Patterns are combined via '|', so i dont see any problems with it. Could you explain the type of collisions you are afraid of?

@JayBizzle

we have deliberately avoided making the crawlers list extendable to hopefully encourage PRs

@gplumb mentioned collision problems, are they still relevant?

MaxGiting commented 5 years ago

@stasgar With your suggested code, are you suggesting you would duplicate the entire Crawler class?

There is no issue with regex collisions. We only test for them so we can speed up scanning. No point checking something twice.

If you would like to get a new user agent into this library we encourage PR's so everyone can benefit. They are normally merged and released within a few days maximum.

gplumb commented 5 years ago

My original concern about regex collisions was based on an assumption about how the constructor code might look, something that actually isn't having seen @stasgar's code :-)

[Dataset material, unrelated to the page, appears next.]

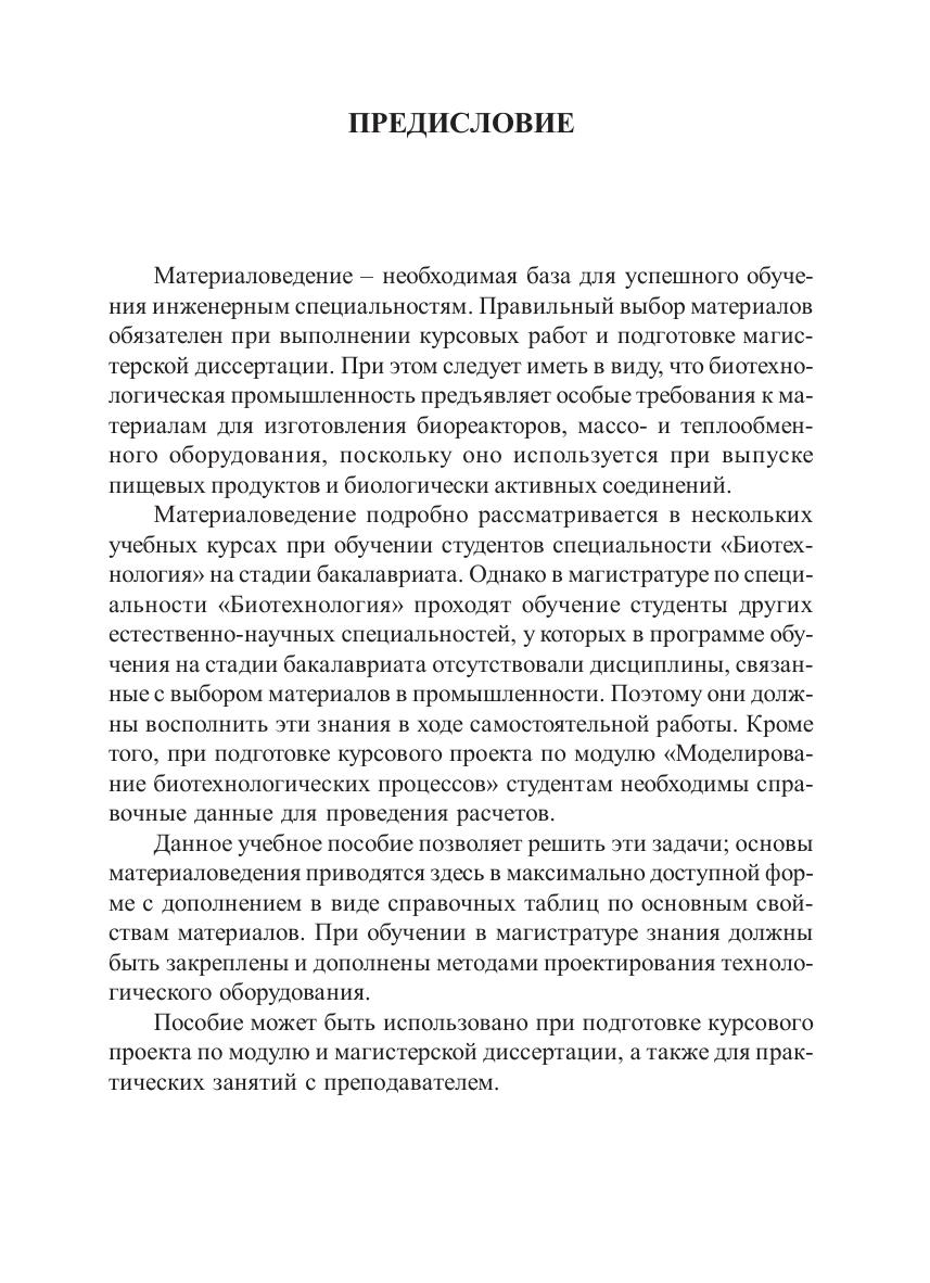 Учебно-методическое пособие включает теоретические разделы курса «Проектирование биотехнологических производств» о выборе материалов для биотехнологии, а также справочные данные о свойствах различных материалов. Пособие разделено на разделы, посвященные физическим, химическим и механическим свойствам материалов, а также критериям подбора материалов в биотехнологии. Приводятся классификация материалов, справочные таблицы, данные о коррозионной стойкости материалов и методы проведения механических испытаний. Адресовано студентам всех форм обучения. Может быть использовано для подготовки к практическим занятиям, а также для выполнения курсового проекта и сдачи зачета или экзамена по дисциплине «Проектирование биотехнологических производств».
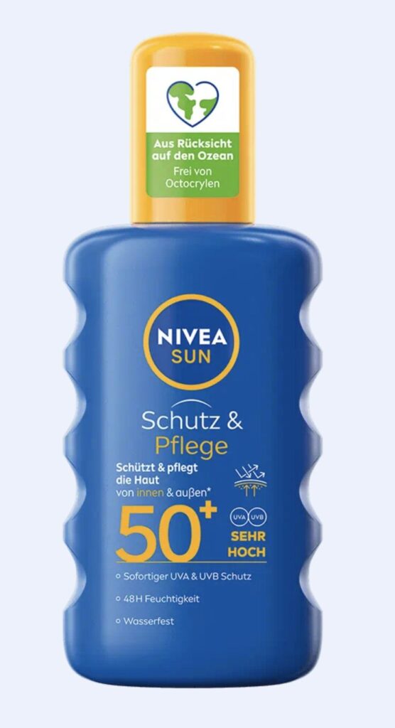 Das NIVEA SUN Schutz & Pflege LSF 50+ Sonnenspray schützt zuverlässig vor UV-Strahlung und spendet 48h Feuchtigkeit. Aus Rücksicht auf den Ozean frei von Octocrylen & Mikroplastik: NIVEA SUN Schutz und Pflege Sonnenspray LSF 50+.Es bietet einen hohen, sofort wirksamen und wasserfesten UVA- und UVB-Schutz gegen Sonnenbrand und vorzeitige Hautalterung LSF 50+ schützt und pflegt die Haut von innen & außen. Zusätzlich versorgt sie die Haut mit 48h Feuchtigkeit und unterstützt den Hautschutz von innen mit dem Antioxidans Vitamin EDas NIVEA Sonnenspray mit LSF 50+ verzichtet bewusst auf den Einsatz der umweltschädlichen UV-Filter Octocrylen, Octinoxat und Oxybenzon und ist frei von Mikroplastik – aus Rücksicht auf den Ozean.

godstanis commented 5 years ago

@MaxGiting i would extend Crawler class and overwrite it's getAll method.

Ok, then pls close this issue and i will PR this really rare Russian crawler)

MaxGiting commented 5 years ago

@gplumb I see what you mean! Yes there could have been in that scenario.

@stasgar There's probably a few other rare and even defunct user agents in our list by now, but hopefully some other people will benefit from your contribution.